What to work on: Reproduce the whole listing below without its pictures, exactly as written.

Data:
* * * * * * *
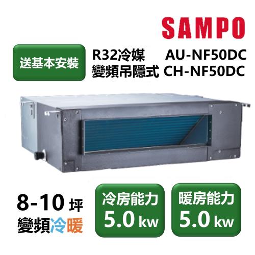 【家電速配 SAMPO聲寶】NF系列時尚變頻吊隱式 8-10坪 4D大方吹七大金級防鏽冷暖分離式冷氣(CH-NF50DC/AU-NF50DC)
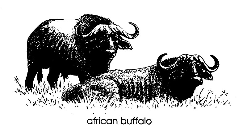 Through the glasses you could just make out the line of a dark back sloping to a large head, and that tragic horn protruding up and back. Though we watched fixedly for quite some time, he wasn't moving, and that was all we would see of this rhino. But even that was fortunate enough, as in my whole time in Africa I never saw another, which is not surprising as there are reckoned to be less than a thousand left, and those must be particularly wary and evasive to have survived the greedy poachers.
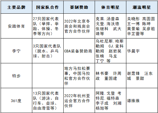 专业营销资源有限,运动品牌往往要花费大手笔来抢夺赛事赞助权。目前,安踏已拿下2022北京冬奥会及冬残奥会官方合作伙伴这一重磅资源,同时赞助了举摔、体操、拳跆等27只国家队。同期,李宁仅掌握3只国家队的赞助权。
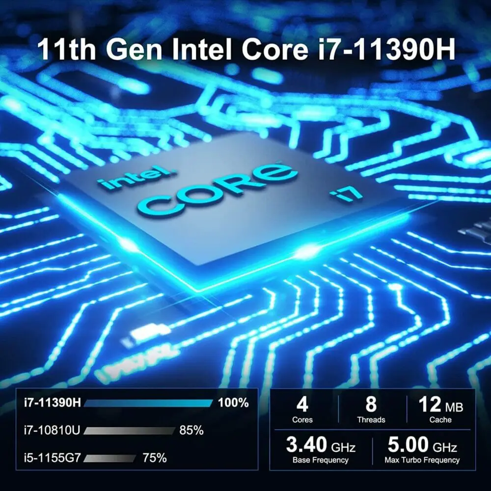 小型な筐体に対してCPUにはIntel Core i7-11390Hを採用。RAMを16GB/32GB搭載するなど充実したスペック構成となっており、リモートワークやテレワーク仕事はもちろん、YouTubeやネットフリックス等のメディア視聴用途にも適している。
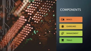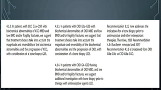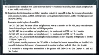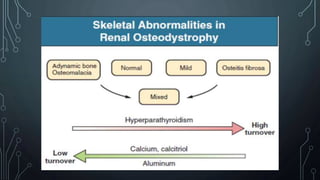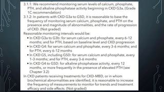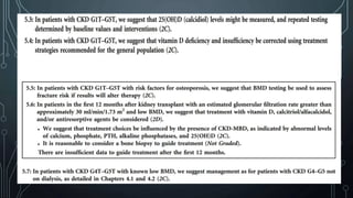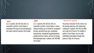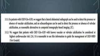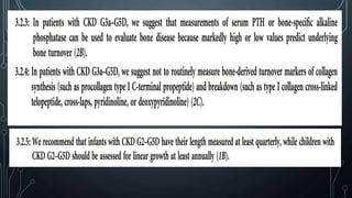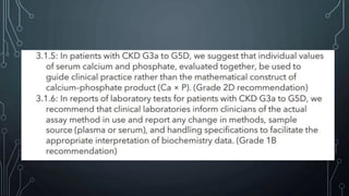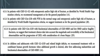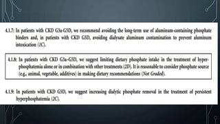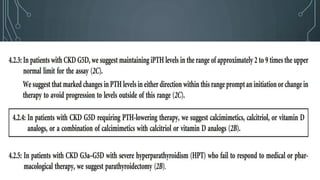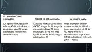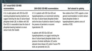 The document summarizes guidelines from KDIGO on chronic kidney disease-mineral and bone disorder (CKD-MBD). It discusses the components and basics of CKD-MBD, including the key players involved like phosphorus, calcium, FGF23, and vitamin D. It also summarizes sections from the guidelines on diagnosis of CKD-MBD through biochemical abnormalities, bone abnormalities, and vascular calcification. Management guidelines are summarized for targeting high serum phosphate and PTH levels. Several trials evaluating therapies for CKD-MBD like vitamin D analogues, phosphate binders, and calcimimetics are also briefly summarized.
* * * * * * *
Response to the task:
 【家電速配 SAMPO聲寶】NF系列時尚變頻吊隱式 8-10坪 4D大方吹七大金級防鏽冷暖分離式冷氣(CH-NF50DC/AU-NF50DC)
 Through the glasses you could just make out the line of a dark back sloping to a large head, and that tragic horn protruding up and back. Though we watched fixedly for quite some time, he wasn't moving, and that was all we would see of this rhino. But even that was fortunate enough, as in my whole time in Africa I never saw another, which is not surprising as there are reckoned to be less than a thousand left, and those must be particularly wary and evasive to have survived the greedy poachers.
 专业营销资源有限,运动品牌往往要花费大手笔来抢夺赛事赞助权。目前,安踏已拿下2022北京冬奥会及冬残奥会官方合作伙伴这一重磅资源,同时赞助了举摔、体操、拳跆等27只国家队。同期,李宁仅掌握3只国家队的赞助权。
 小型な筐体に対してCPUにはIntel Core i7-11390Hを採用。RAMを16GB/32GB搭載するなど充実したスペック構成となっており、リモートワークやテレワーク仕事はもちろん、YouTubeやネットフリックス等のメディア視聴用途にも適している。
 The document summarizes guidelines from KDIGO on chronic kidney disease-mineral and bone disorder (CKD-MBD). It discusses the components and basics of CKD-MBD, including the key players involved like phosphorus, calcium, FGF23, and vitamin D. It also summarizes sections from the guidelines on diagnosis of CKD-MBD through biochemical abnormalities, bone abnormalities, and vascular calcification. Management guidelines are summarized for targeting high serum phosphate and PTH levels. Several trials evaluating therapies for CKD-MBD like vitamin D analogues, phosphate binders, and calcimimetics are also briefly summarized.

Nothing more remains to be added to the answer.